---------- SUPPLIED INFORMATION

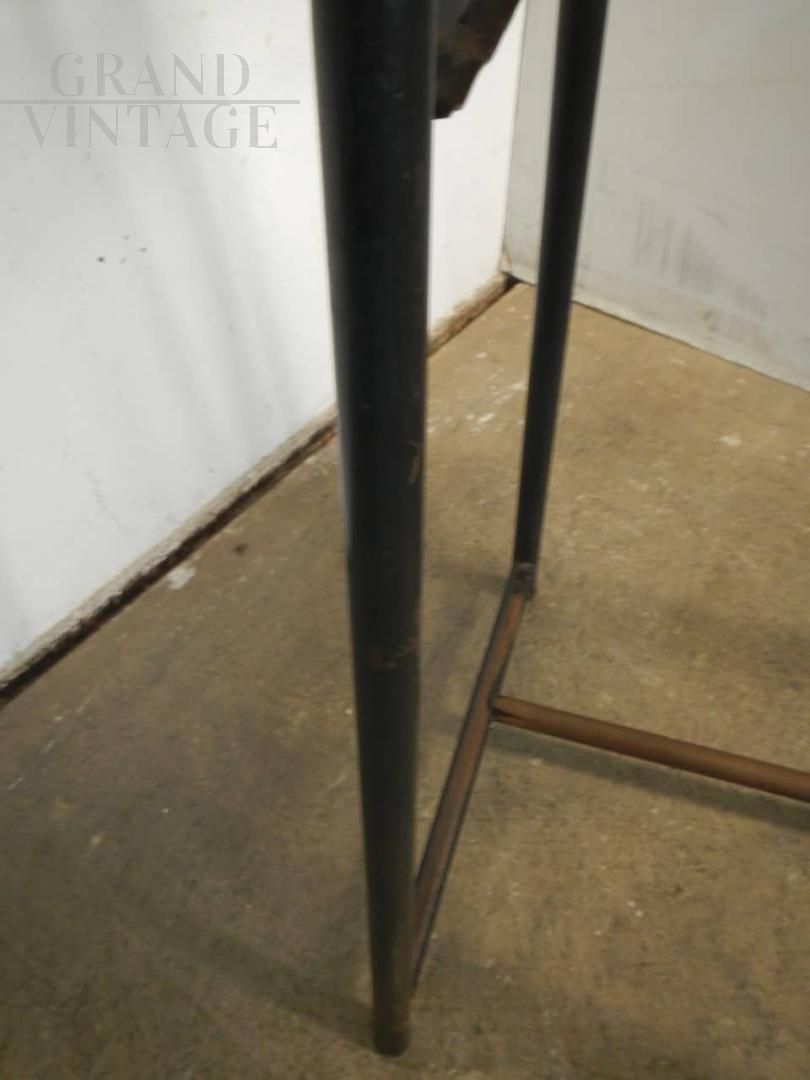 Banchetto da scuola vintage in legno compresso rivestito di formica verde, con struttura in ferro laccato nero. Presenta i naturali segni dell’uso.
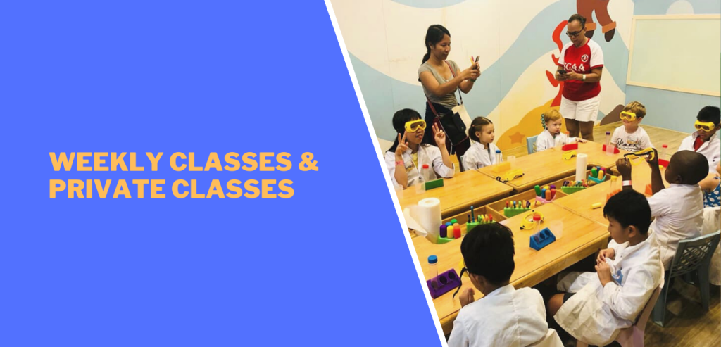 These classes are a platform for our little scientists to keep the thinking cap on and be inquisitive as to why somethings happen and how! Children will learn and explore scientific principles through various hands on experiments & games. They also discuss and analyze findings to understand practical application of the scientific principle around us. Private classes will be run at your venue i.e : home or clubhouse
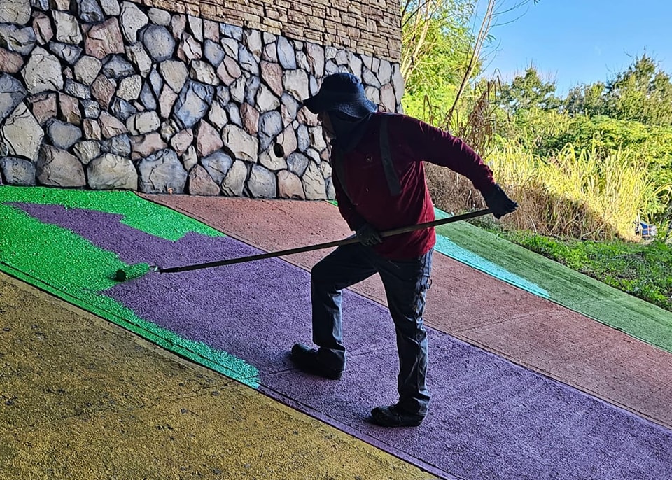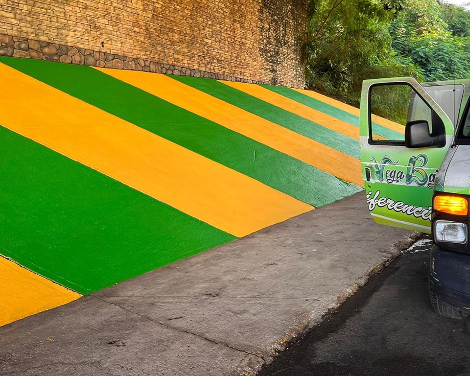 Después de varioos años con un pobre desempeño en la utilización de colores político-partidistas y colorines propios de países del tercer mundo, según lo llamó una vez un periodista del Noticiero de WAPA TV a los postes multicolores de Vega Baja, se han usado los colores oficiales para pintar el interior del puente del expreso 22 cerca del el área de la Comunidad Velez Ithier en Algarrobo.
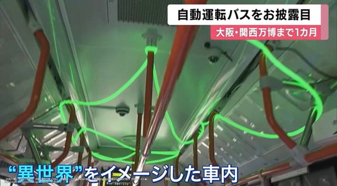 来場者を会場に運ぶ、異世界をイメージしたEVバスのデザインが、13日にお披露目された。車内を見ると、天井には緑色のLEDライトが張り巡らされ、床は青色に染められている。
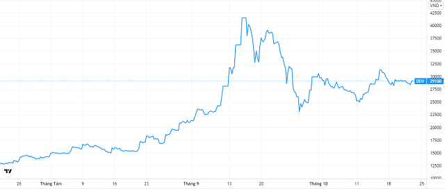 Cổ phiếu DDV có đà tăng nóng từ vùng 15.000 đồng/cp lên 41.000 đồng/cp trong nửa cuối tháng 8 đến 15/9, sau đó lao dốc về 29.100 đồng/cp.
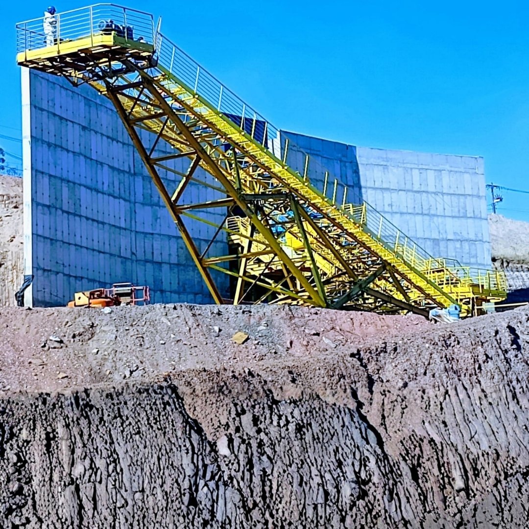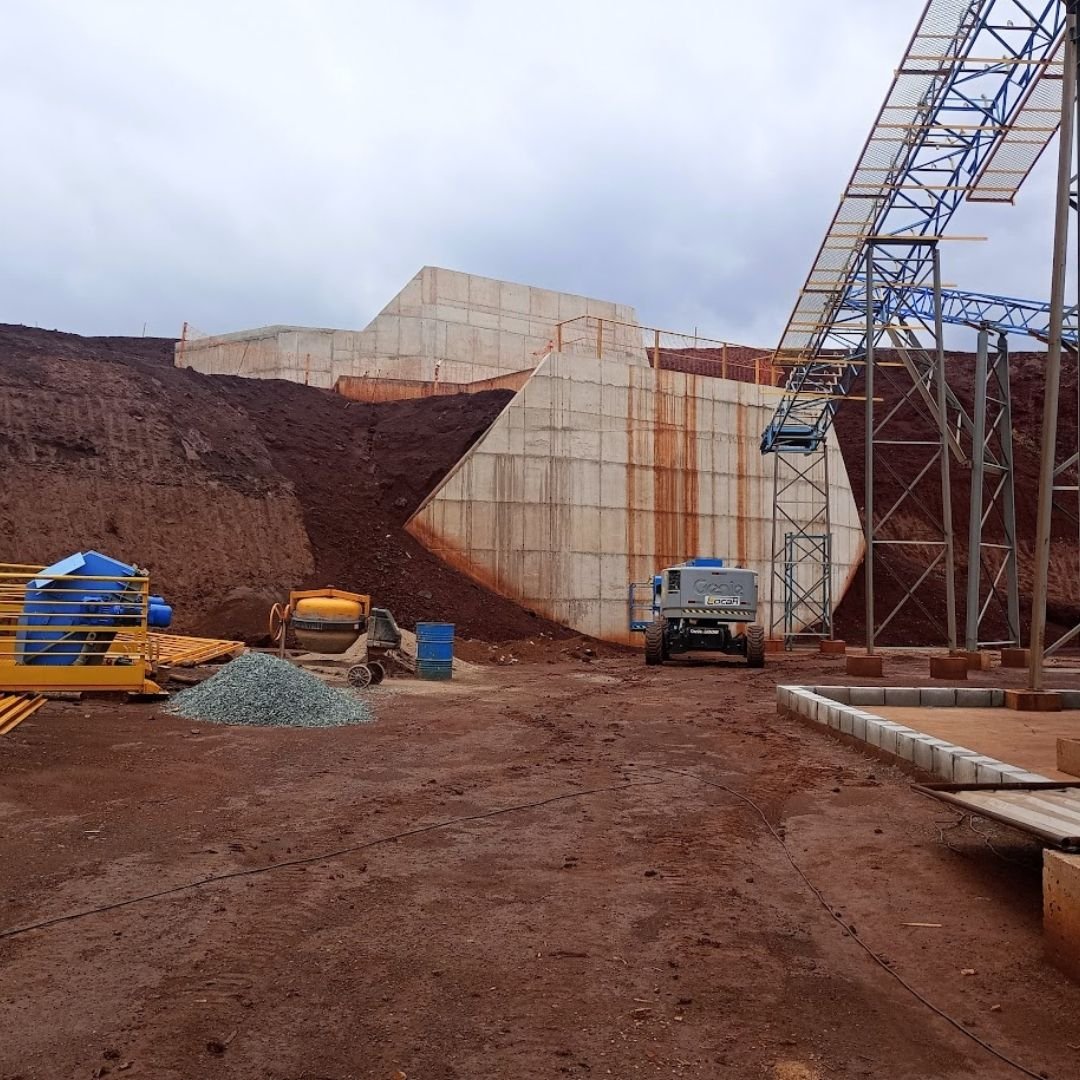 Execução de Muro de Contenção – Britagem Pivô Montante | Herculano Mineração. Execução de muro de contenção em concreto armado na área de britagem, setor pivô montante, destinado à contenção de material, estabilização estrutural e proteção operacional do conjunto de britagem, garantindo segurança, resistência e desempenho adequado às condições industriais.

--------------------

WORK INSTRUCTION: Pictures stay out. Write out everything else in the material exactly.

SOLVED EXERCISE:
 Banchetto da scuola vintage in legno compresso rivestito di formica verde, con struttura in ferro laccato nero. Presenta i naturali segni dell’uso.
 These classes are a platform for our little scientists to keep the thinking cap on and be inquisitive as to why somethings happen and how! Children will learn and explore scientific principles through various hands on experiments & games. They also discuss and analyze findings to understand practical application of the scientific principle around us. Private classes will be run at your venue i.e : home or clubhouse
 Después de varioos años con un pobre desempeño en la utilización de colores político-partidistas y colorines propios de países del tercer mundo, según lo llamó una vez un periodista del Noticiero de WAPA TV a los postes multicolores de Vega Baja, se han usado los colores oficiales para pintar el interior del puente del expreso 22 cerca del el área de la Comunidad Velez Ithier en Algarrobo.
 来場者を会場に運ぶ、異世界をイメージしたEVバスのデザインが、13日にお披露目された。車内を見ると、天井には緑色のLEDライトが張り巡らされ、床は青色に染められている。
 Cổ phiếu DDV có đà tăng nóng từ vùng 15.000 đồng/cp lên 41.000 đồng/cp trong nửa cuối tháng 8 đến 15/9, sau đó lao dốc về 29.100 đồng/cp.
 Execução de Muro de Contenção – Britagem Pivô Montante | Herculano Mineração. Execução de muro de contenção em concreto armado na área de britagem, setor pivô montante, destinado à contenção de material, estabilização estrutural e proteção operacional do conjunto de britagem, garantindo segurança, resistência e desempenho adequado às condições industriais.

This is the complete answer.